Positional Suffocation

Stockfish’s dominant winning method in Era 3. The pattern:

Equal opening — both sides develop, castle, contest the center
Stockfish gains a small spatial advantage — a pawn on the 5th rank, a knight on an outpost
The LLM system doesn’t recognize the slow squeeze. It makes “safe” moves that are passively losing
Stockfish converts the space advantage into a piece invasion, then material gain, then checkmate

This failure is strategic, not tactical. The tools provide accurate board information. The model reads the information correctly. But it cannot formulate and execute a multi-move plan to counteract Stockfish’s long-term pressure. Each turn is locally reasonable but globally aimless.

Crashes and Timeouts (22 incomplete games)

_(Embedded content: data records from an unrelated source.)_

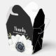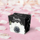 As caixas de favoritos destacam as elegantes flores brancas e pretas de anêmonas e folhas em uma caixa preta de fundo com seu obrigado pessoal, que você envia na frente e seus nomes na parte inferior. CORRESPONDENTE a itens na nossa coleção.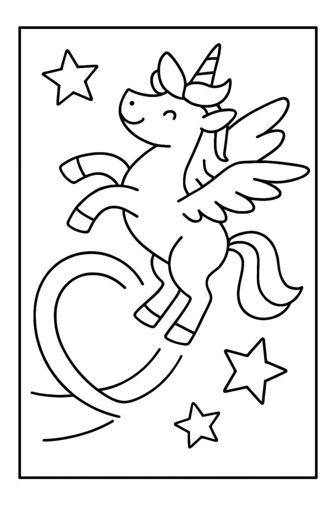 Gemiddeld detail: vleugels in 3–5 segmenten, wolkenband en enkele sterren. Simpele patroonopdrachten: “Hoorn in ABAB-strepen”, “Veren warm/koud afwisselen”. Een kleurplaat vliegende unicorn in kleur-op-nummervorm helpt bij getal-kleurkoppeling en aandacht.
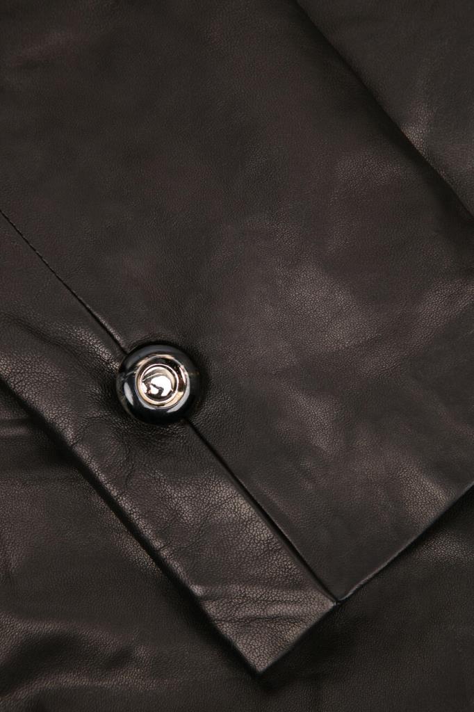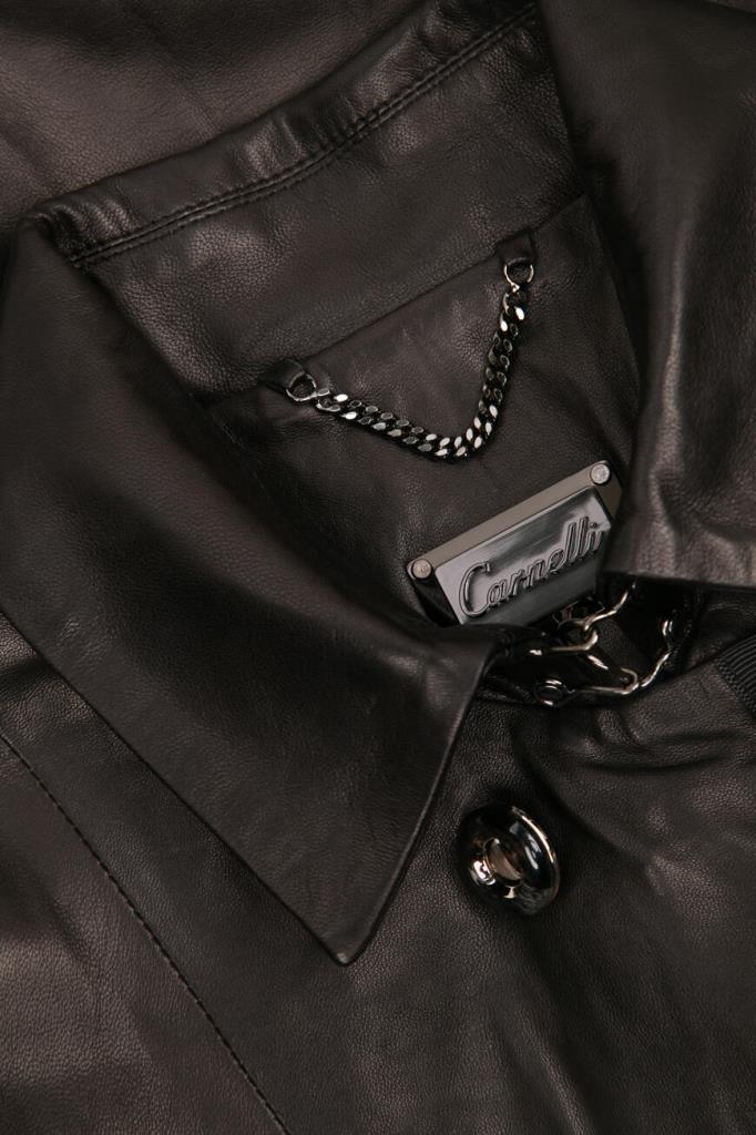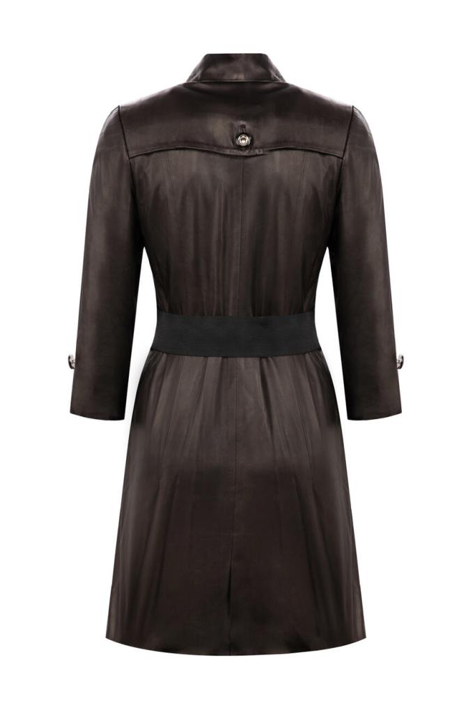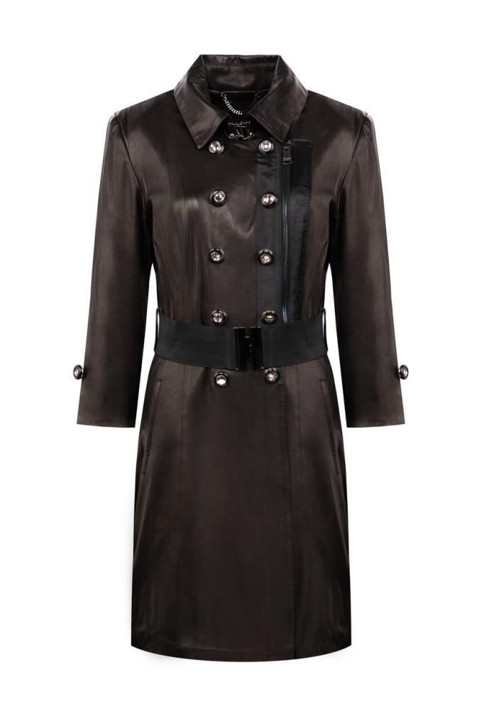 Роскошный женский плащ CARNELLI выполнен из мягкой натуральной гладкой телячьей кожи универсального тёмно-коричневого цвета и дополнен оригинальной контрастной чёрной вставкой-полосой на молнии спереди слева и широким эластичным чёрным поясом для фиксации.

Mostly infrastructure issues from Era 2: model not responding, API timeouts, configuration errors during provider migration. A few were genuine resource exhaustion — the tool loop consuming too many calls without converging on a decision.

What Changed

The evolution across eras maps specific architectural changes to specific failure modes eliminated:

Change	Failure Mode Eliminated
Tool layer (12 analysis tools)	Hallucinated board states
Adversarial review (enemy agent)	Some tactical blunders caught pre-move
Perspective separation (own/opponent views)	Missing opponent threats
Mandatory `deep_analysis` first	Overlooking piece responsibilities
CHECKMATE OVERRIDE rule	Walking into forced mate
Opus 4.6 replacing Granite 1B	Illegal moves (all 19 eliminated), tool output misreading

The pattern is clear: each layer of scaffolding removes a category of failure, pushing the system’s performance ceiling upward. But each layer also reveals the next failure mode — the one that was previously masked by the more catastrophic failures above it.

After tools eliminated illegal moves, blunders became visible. After review caught some blunders, positional suffocation became the dominant loss pattern. The shape of failure kept changing as the system improved.

The longest games all have one thing in common: Claude Code was playing.